RECORDS SHOWN
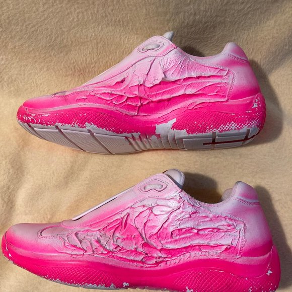 Step up your sneaker game with the limited edition PRADA X CASS ATT4CK CASSIUS HIRST SNEAKER in a stunning pink colorway. Worn by both men and women, these athletic shoes are a true statement piece.
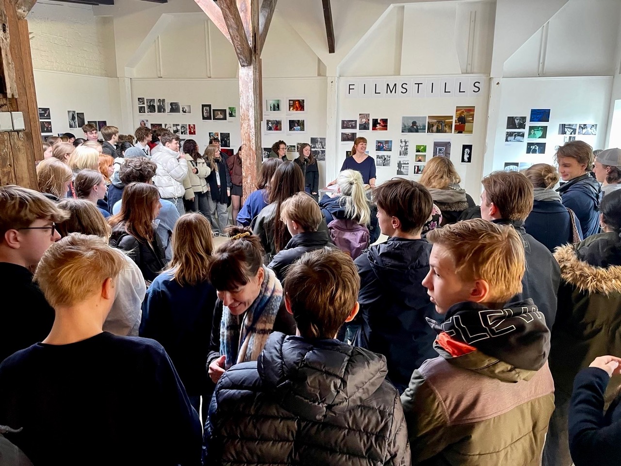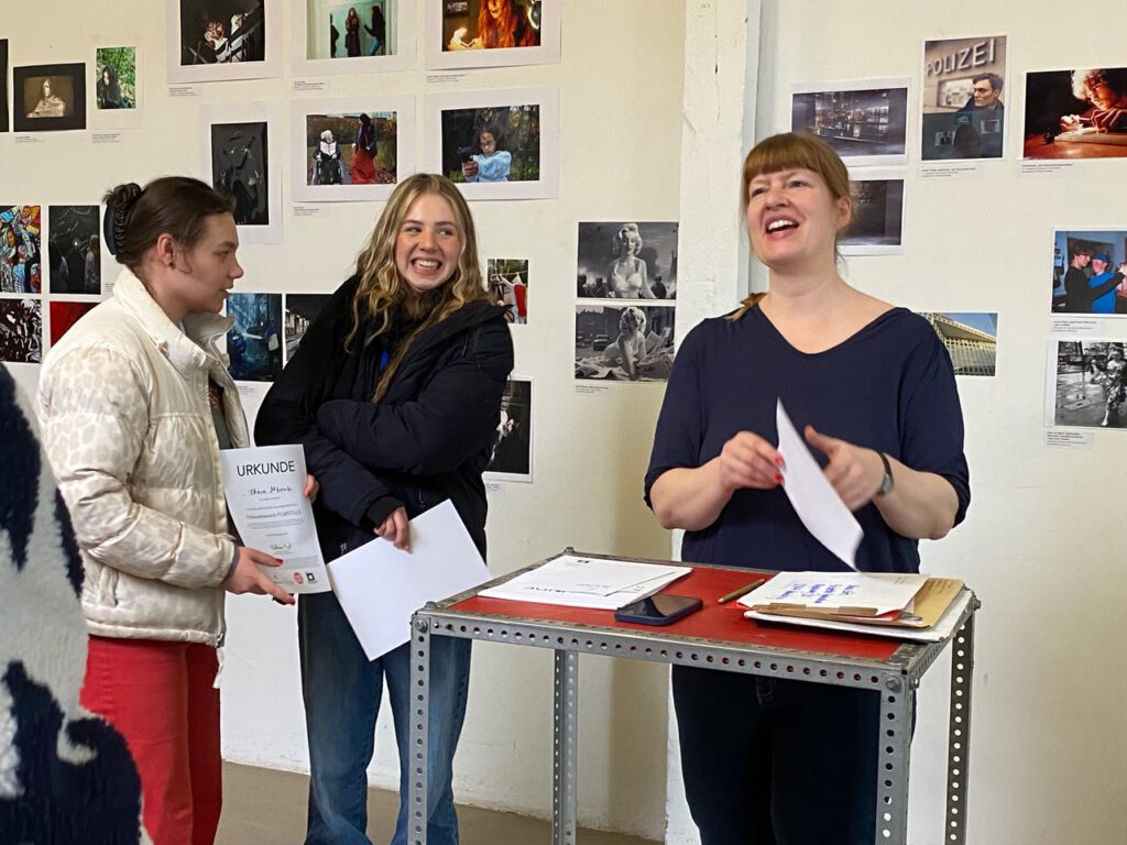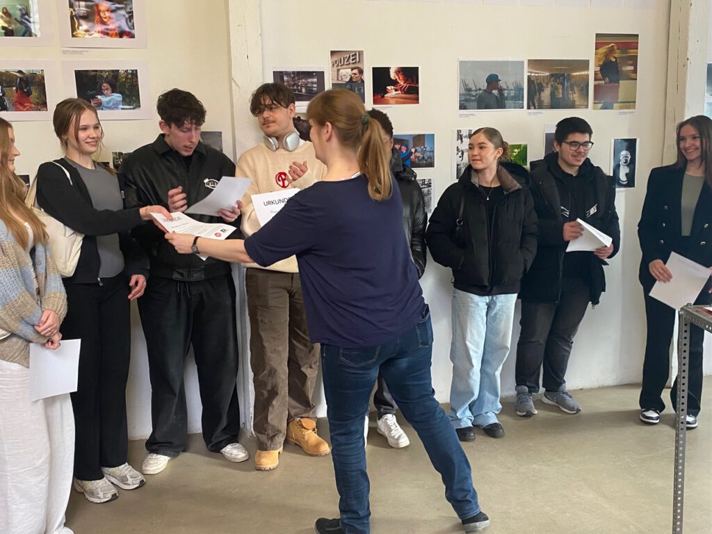 Am 12. März war es dann so weit: in zwei Schichten mit jeweils fast 200 Gästen wurden die Ausstellung in der Fotofabrique im Gängeviertel eröffnet. Als Anerkennung für ihre herausragende Leistung erhielten alle Teilnehmer:innen mit ihren Kunstlehrer:innen während der Vernissage eine Urkunde von Frau Götz überreicht. Darunter waren auch acht Schülerinnen aus dem 11. Jahrgang des Goethe-Gymnasiums: Herzlichen Glückwunsch!
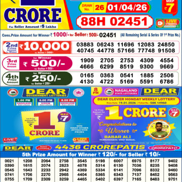 Today the result for Dear Supreme Thursday Weekly Lottery Result 6:00 PM 02 04 2026 will be posted here at 6:00 PM.
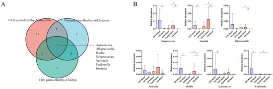 Characteristics of TS O-N bacs in children and adolescents. (A) Venn diagram revealed there were seven TS O-N bacs in children and adolescents. (B) Changes in relative abundance of seven TS O-N bacs in nasal of five populations (CP and healthy children; CP, healthy, and postoperative adolescents). The p values were obtained by LEfSe (* p < 0.05, α = 0.05, log10 LDA score > 2.0).
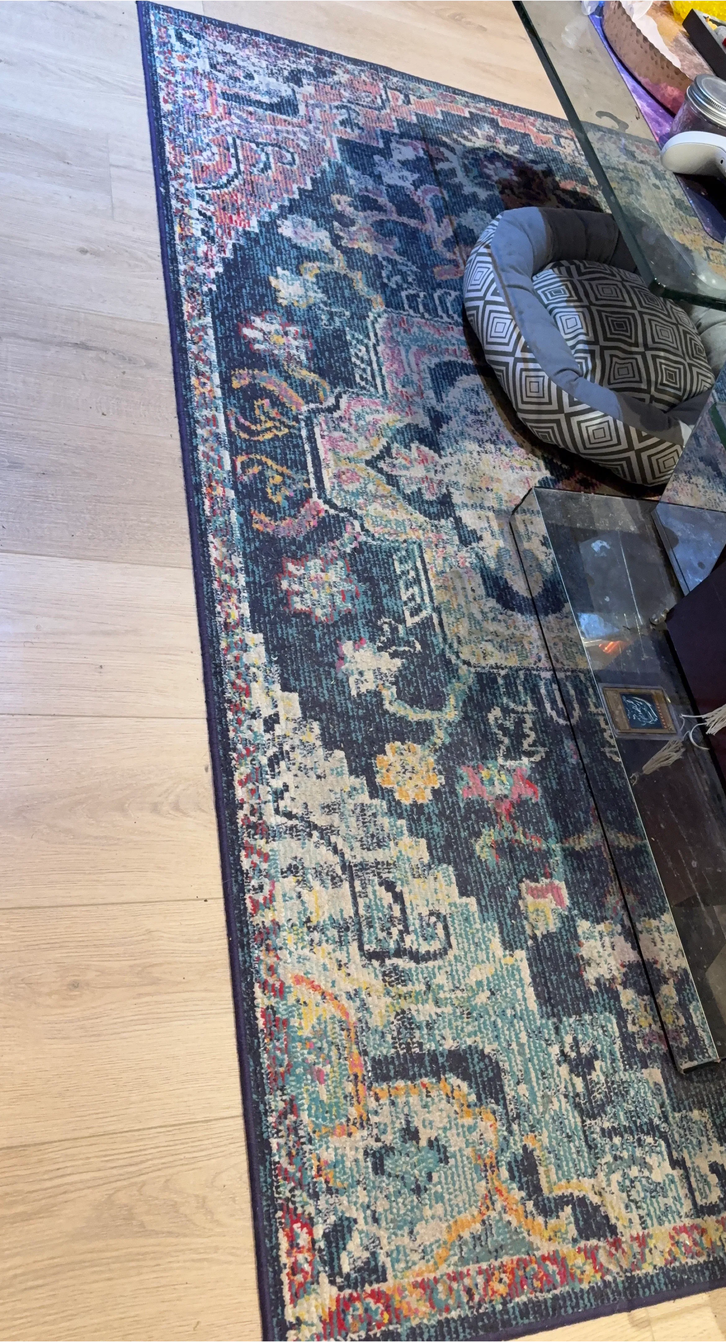 Persian-style area rug with a distressed dark blue, red, and teal pattern. It's a nice size for a living room or entryway. Adds a touch of warmth to any space! Comes from a clean and pet friendly home.
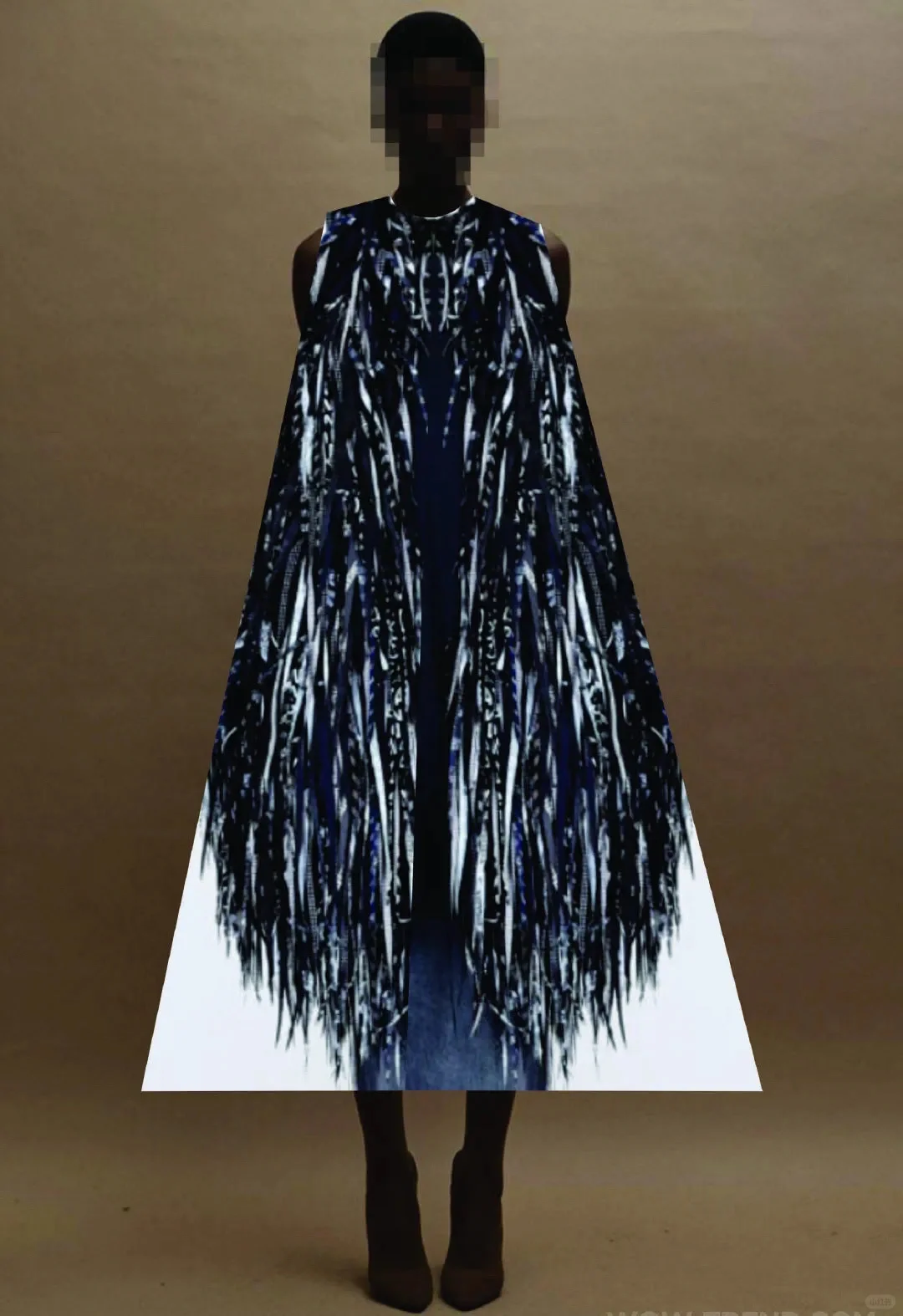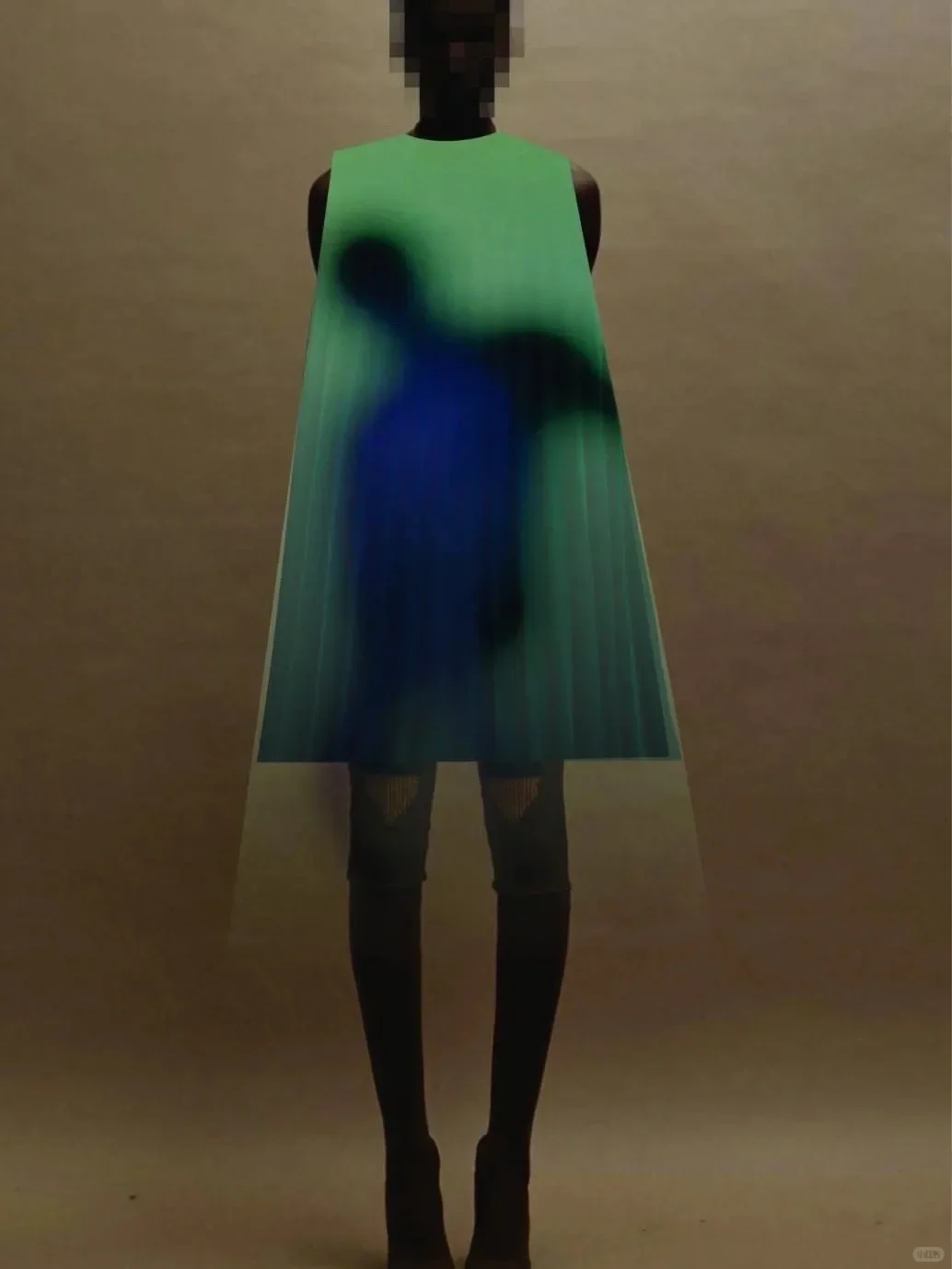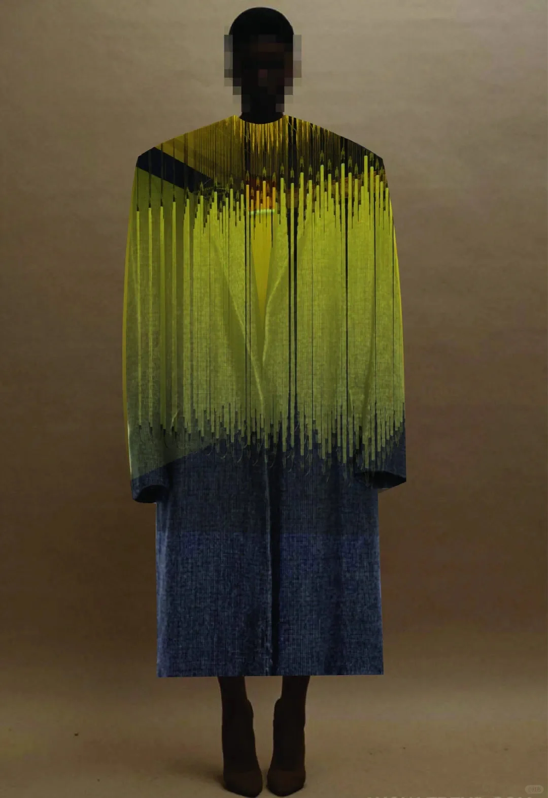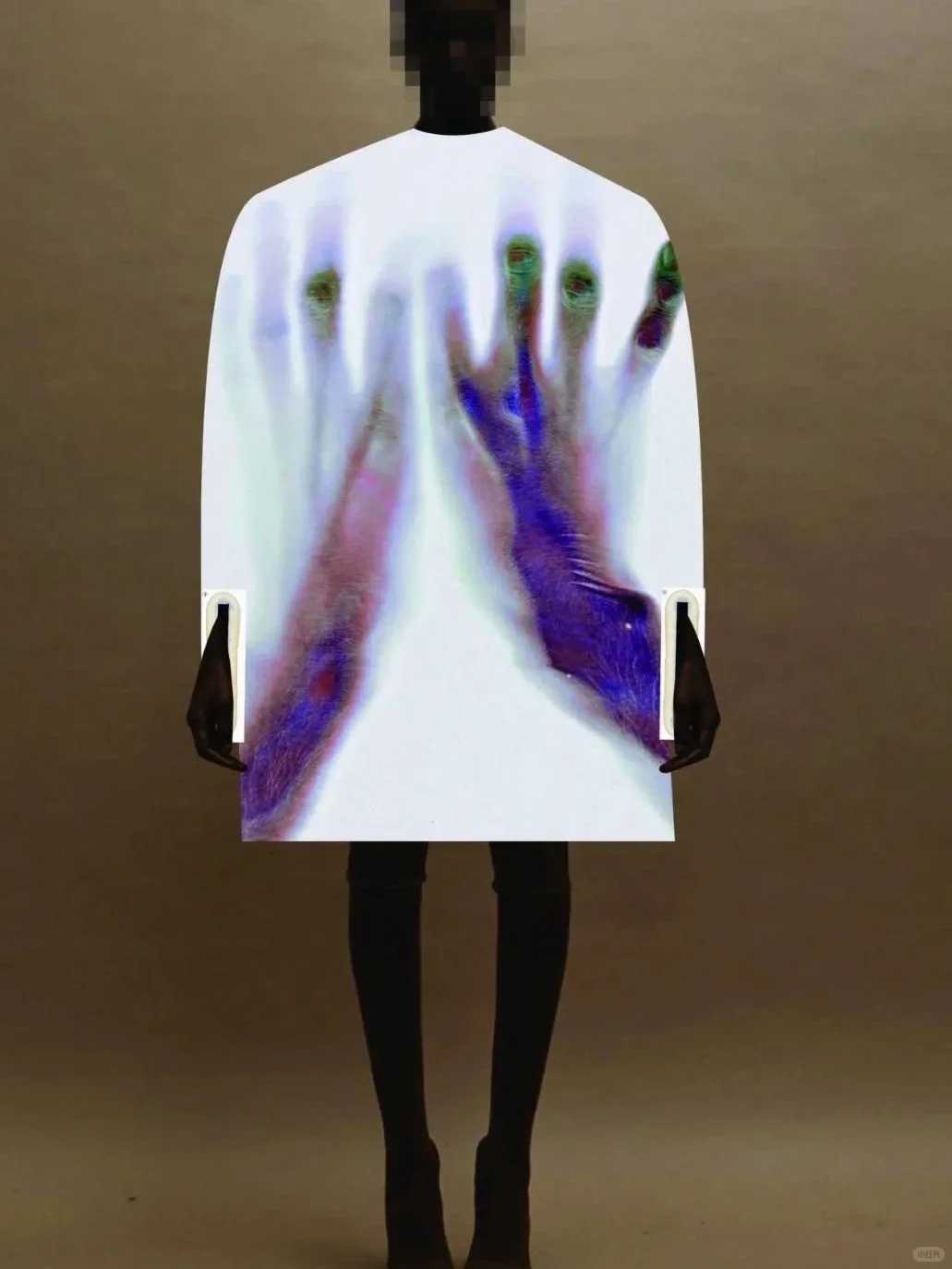 渐变的迷幻色彩给我们扭曲现实的感受。虚拟的和服式超大外套和大衣,都带有鲜明的日本浪漫主义色彩。

DIRECTIONS FOR THIS TASK
Retype the line containing "Today the result" and all lines after it to the end of the material, exactly as written, leaving out any pictures.

WRITTEN RESPONSE
 Today the result for Dear Supreme Thursday Weekly Lottery Result 6:00 PM 02 04 2026 will be posted here at 6:00 PM.
 Characteristics of TS O-N bacs in children and adolescents. (A) Venn diagram revealed there were seven TS O-N bacs in children and adolescents. (B) Changes in relative abundance of seven TS O-N bacs in nasal of five populations (CP and healthy children; CP, healthy, and postoperative adolescents). The p values were obtained by LEfSe (* p < 0.05, α = 0.05, log10 LDA score > 2.0).
 Persian-style area rug with a distressed dark blue, red, and teal pattern. It's a nice size for a living room or entryway. Adds a touch of warmth to any space! Comes from a clean and pet friendly home.
 渐变的迷幻色彩给我们扭曲现实的感受。虚拟的和服式超大外套和大衣,都带有鲜明的日本浪漫主义色彩。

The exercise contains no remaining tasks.